When you reach the line that contains "New Ysl Black" in the data below, start reproducing lines exactly, and stop after the line that contains "金爱家 2024新款全棉三丽鸥正版大版单品床笠 星星帕哈狗".

### Recorded data
________________________________________

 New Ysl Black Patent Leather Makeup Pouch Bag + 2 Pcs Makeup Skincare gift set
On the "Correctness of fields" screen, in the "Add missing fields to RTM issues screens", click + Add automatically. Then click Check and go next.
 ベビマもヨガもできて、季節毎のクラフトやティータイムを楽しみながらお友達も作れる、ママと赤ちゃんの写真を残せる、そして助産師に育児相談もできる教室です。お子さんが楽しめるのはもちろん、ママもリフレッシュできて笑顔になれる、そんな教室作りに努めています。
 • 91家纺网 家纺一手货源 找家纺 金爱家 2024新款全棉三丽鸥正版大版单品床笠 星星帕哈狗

________________________________________

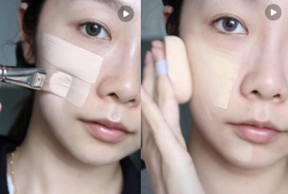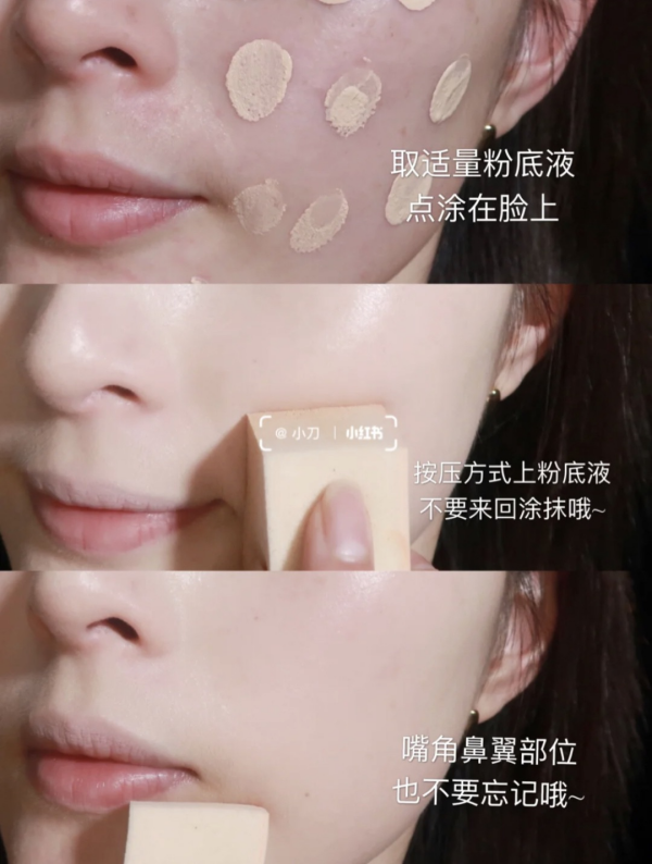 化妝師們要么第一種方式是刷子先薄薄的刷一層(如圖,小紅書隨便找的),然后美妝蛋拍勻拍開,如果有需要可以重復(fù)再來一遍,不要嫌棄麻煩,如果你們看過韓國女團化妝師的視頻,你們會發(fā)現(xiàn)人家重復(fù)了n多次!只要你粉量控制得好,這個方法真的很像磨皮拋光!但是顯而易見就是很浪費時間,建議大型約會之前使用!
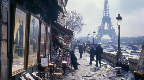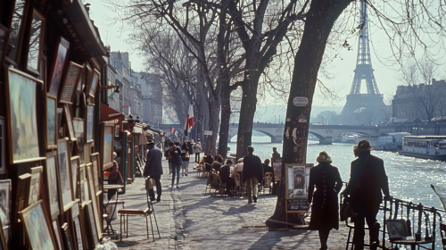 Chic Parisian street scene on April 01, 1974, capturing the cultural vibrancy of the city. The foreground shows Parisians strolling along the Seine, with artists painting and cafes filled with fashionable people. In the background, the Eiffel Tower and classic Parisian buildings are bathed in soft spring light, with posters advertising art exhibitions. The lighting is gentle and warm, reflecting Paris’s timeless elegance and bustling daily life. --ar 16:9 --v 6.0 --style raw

________________________________________

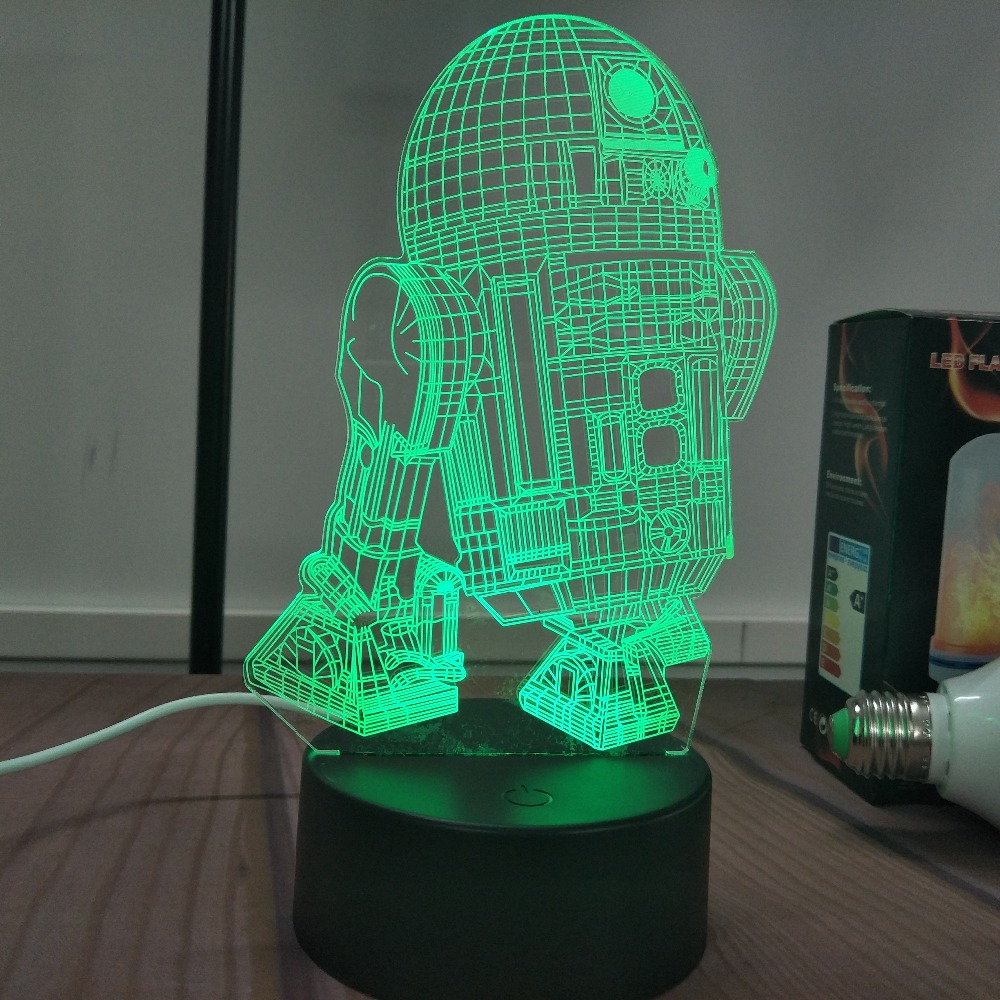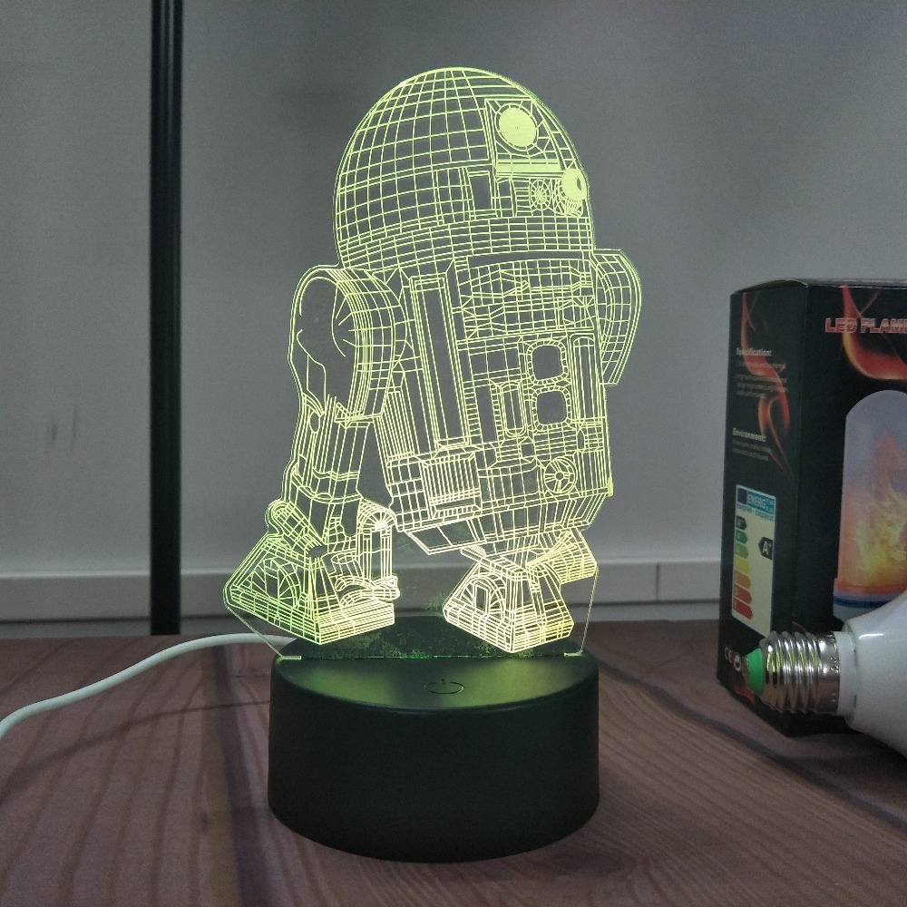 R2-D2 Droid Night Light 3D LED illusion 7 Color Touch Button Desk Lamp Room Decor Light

________________________________________

### Exercise response
 New Ysl Black Patent Leather Makeup Pouch Bag + 2 Pcs Makeup Skincare gift set
On the "Correctness of fields" screen, in the "Add missing fields to RTM issues screens", click + Add automatically. Then click Check and go next.
 ベビマもヨガもできて、季節毎のクラフトやティータイムを楽しみながらお友達も作れる、ママと赤ちゃんの写真を残せる、そして助産師に育児相談もできる教室です。お子さんが楽しめるのはもちろん、ママもリフレッシュできて笑顔になれる、そんな教室作りに努めています。
 • 91家纺网 家纺一手货源 找家纺 金爱家 2024新款全棉三丽鸥正版大版单品床笠 星星帕哈狗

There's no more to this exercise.